▸ Available data
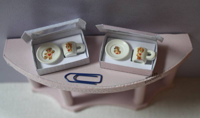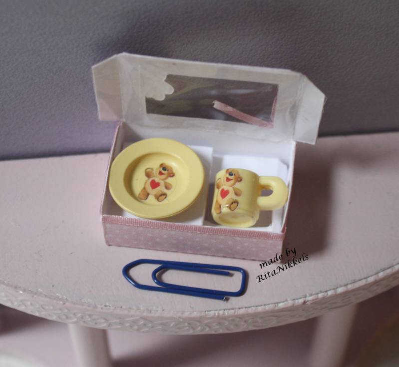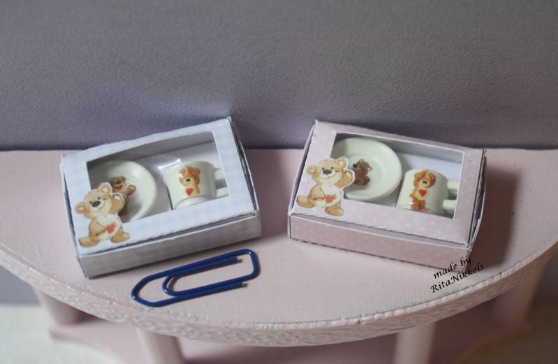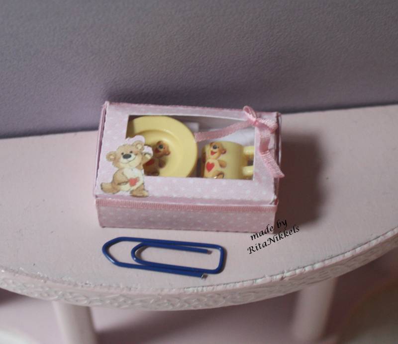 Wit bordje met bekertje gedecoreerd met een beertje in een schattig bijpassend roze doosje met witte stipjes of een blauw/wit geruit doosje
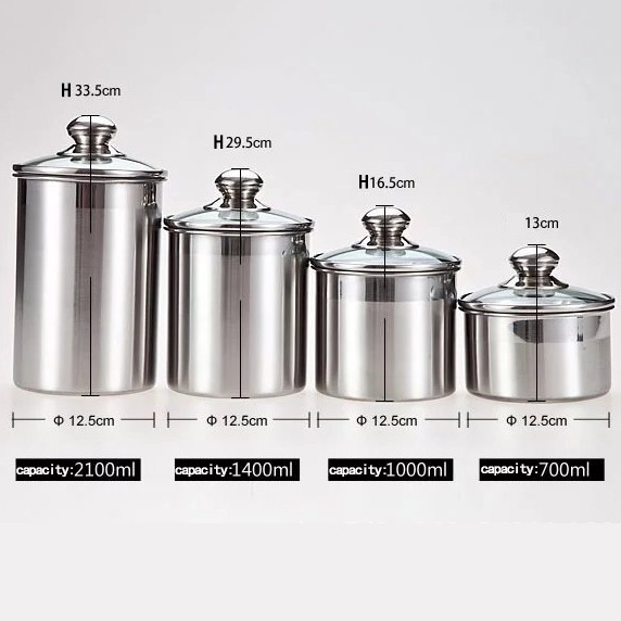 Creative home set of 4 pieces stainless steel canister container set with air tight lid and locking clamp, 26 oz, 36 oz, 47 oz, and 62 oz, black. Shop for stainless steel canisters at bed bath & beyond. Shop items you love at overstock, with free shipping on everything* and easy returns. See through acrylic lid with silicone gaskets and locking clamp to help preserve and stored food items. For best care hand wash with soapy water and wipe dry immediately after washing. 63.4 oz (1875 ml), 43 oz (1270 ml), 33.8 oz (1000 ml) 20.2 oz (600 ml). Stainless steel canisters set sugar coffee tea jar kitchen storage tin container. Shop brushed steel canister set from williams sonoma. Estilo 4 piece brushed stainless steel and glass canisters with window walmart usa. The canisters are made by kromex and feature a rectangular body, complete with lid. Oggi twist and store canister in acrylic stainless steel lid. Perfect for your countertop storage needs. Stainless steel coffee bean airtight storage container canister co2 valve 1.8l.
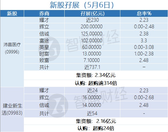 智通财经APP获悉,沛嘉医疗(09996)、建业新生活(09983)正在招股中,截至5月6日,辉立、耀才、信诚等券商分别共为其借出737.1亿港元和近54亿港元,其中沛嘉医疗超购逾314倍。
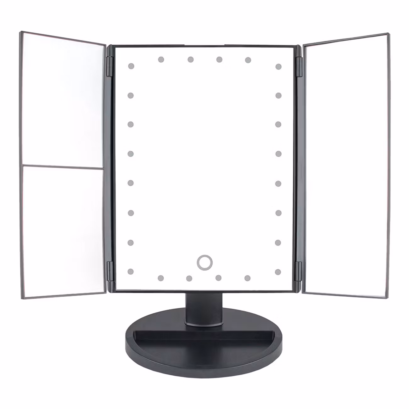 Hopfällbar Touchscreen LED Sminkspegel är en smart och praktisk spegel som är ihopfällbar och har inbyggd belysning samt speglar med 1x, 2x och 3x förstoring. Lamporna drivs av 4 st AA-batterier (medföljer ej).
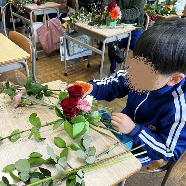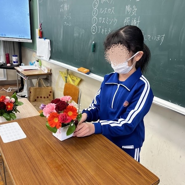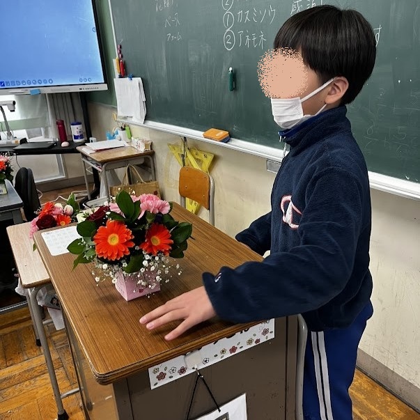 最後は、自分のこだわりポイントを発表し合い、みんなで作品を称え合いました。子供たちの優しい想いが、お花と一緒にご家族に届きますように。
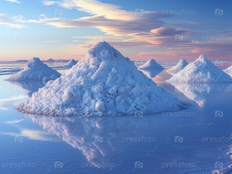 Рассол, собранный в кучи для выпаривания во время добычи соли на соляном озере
* * *
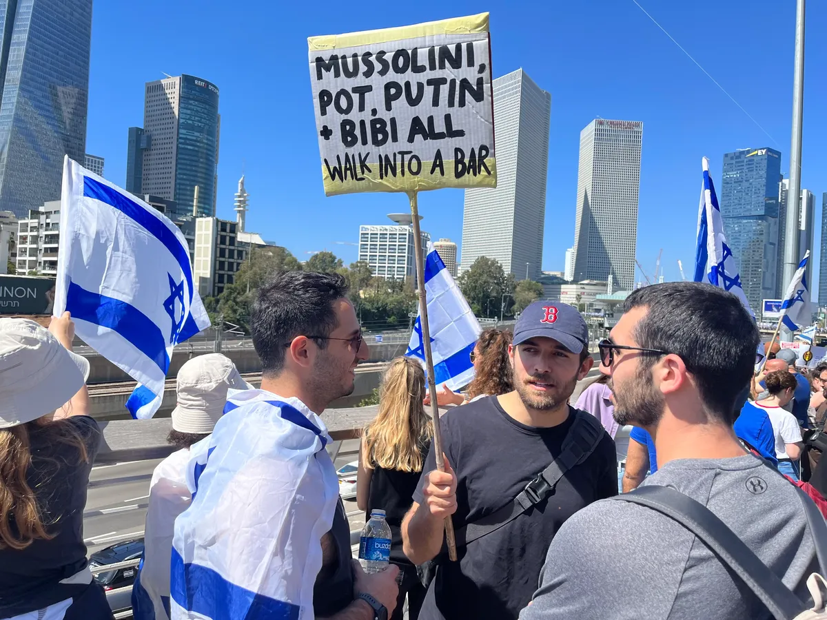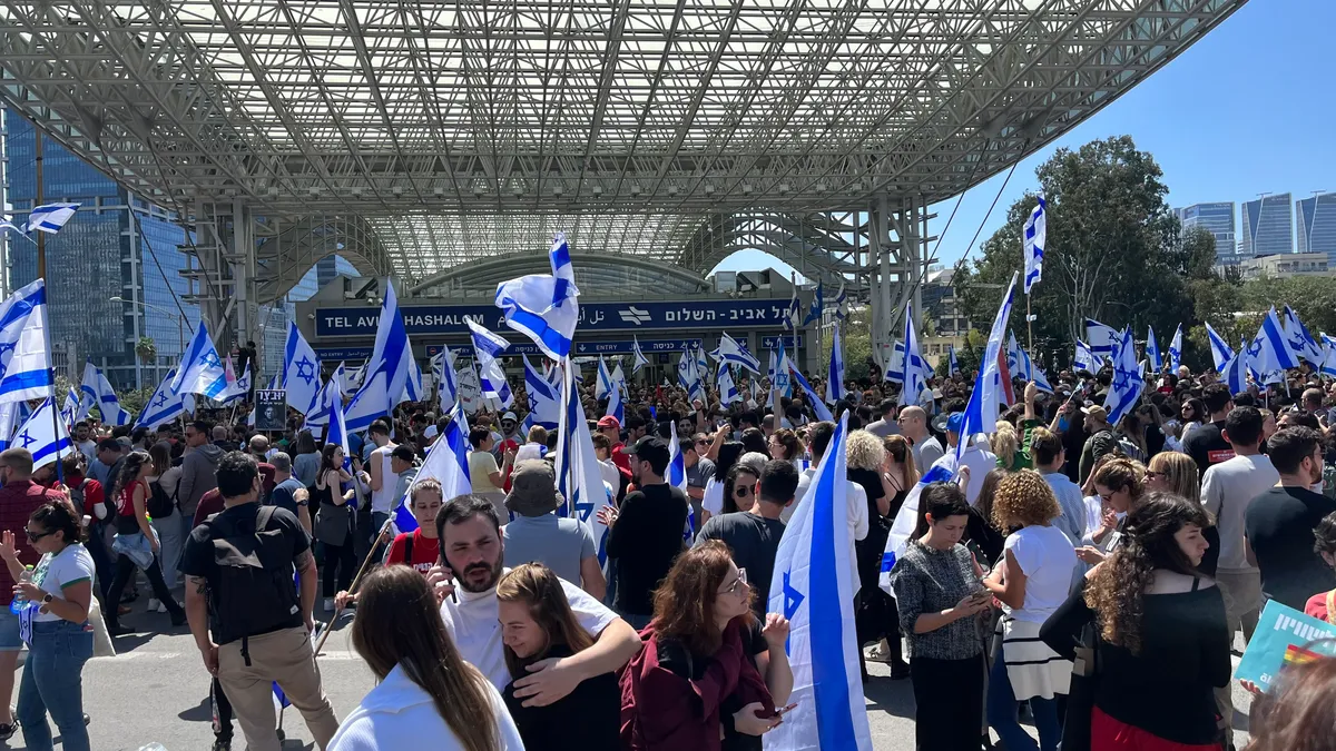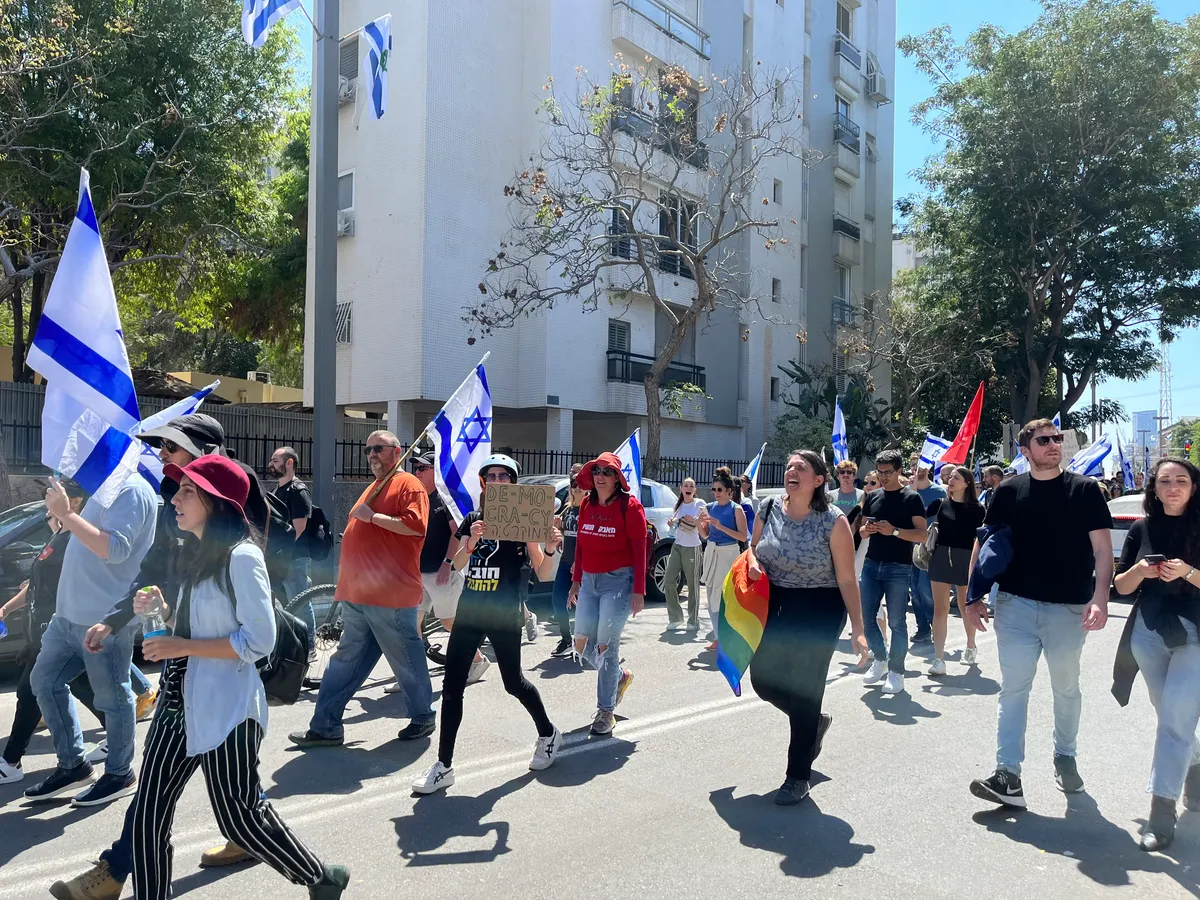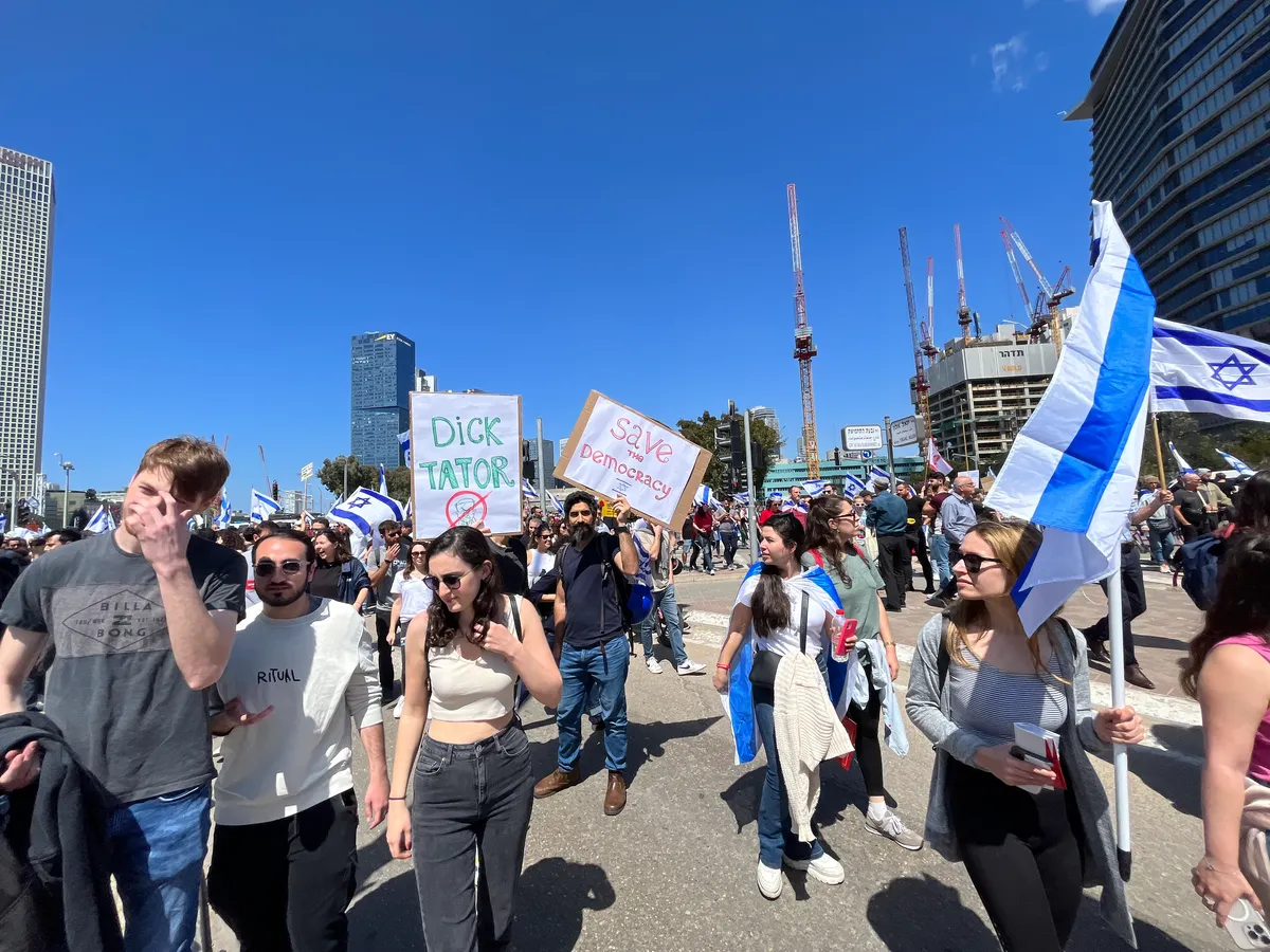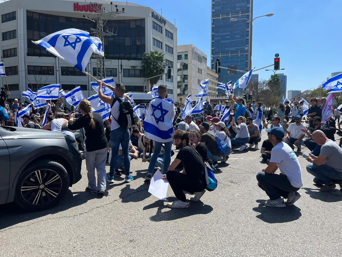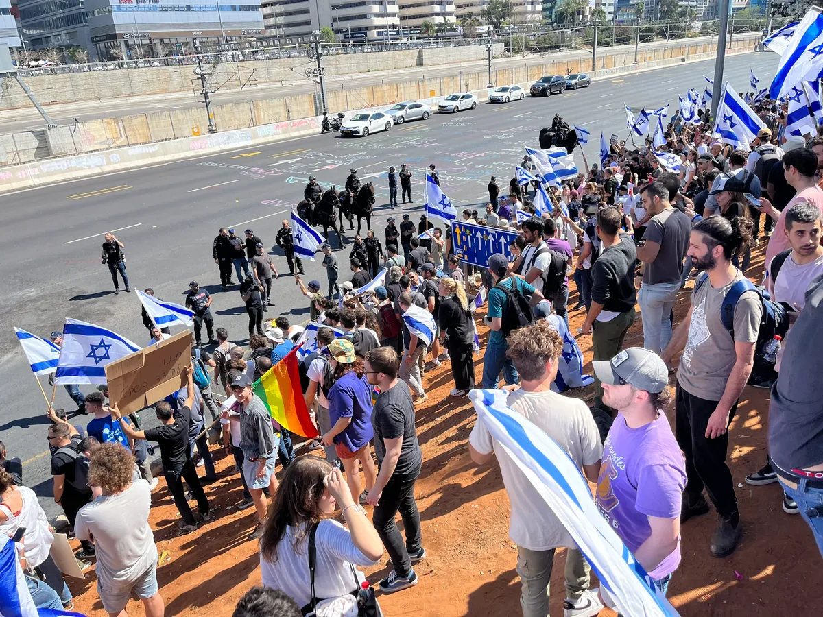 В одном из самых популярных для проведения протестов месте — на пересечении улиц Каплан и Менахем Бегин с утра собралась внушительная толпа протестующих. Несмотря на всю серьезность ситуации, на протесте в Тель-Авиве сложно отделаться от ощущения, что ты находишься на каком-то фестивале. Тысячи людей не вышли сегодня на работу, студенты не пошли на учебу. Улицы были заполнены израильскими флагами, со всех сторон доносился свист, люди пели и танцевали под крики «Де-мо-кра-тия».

▸ What is expected
Using the data above, retype exactly the lines from the line with "最後は、自分のこだわりポイン" to the line with "Рассол, собранный в", inclusive. No pictures and nothing else.

▸ Response below
 最後は、自分のこだわりポイントを発表し合い、みんなで作品を称え合いました。子供たちの優しい想いが、お花と一緒にご家族に届きますように。
 Рассол, собранный в кучи для выпаривания во время добычи соли на соляном озере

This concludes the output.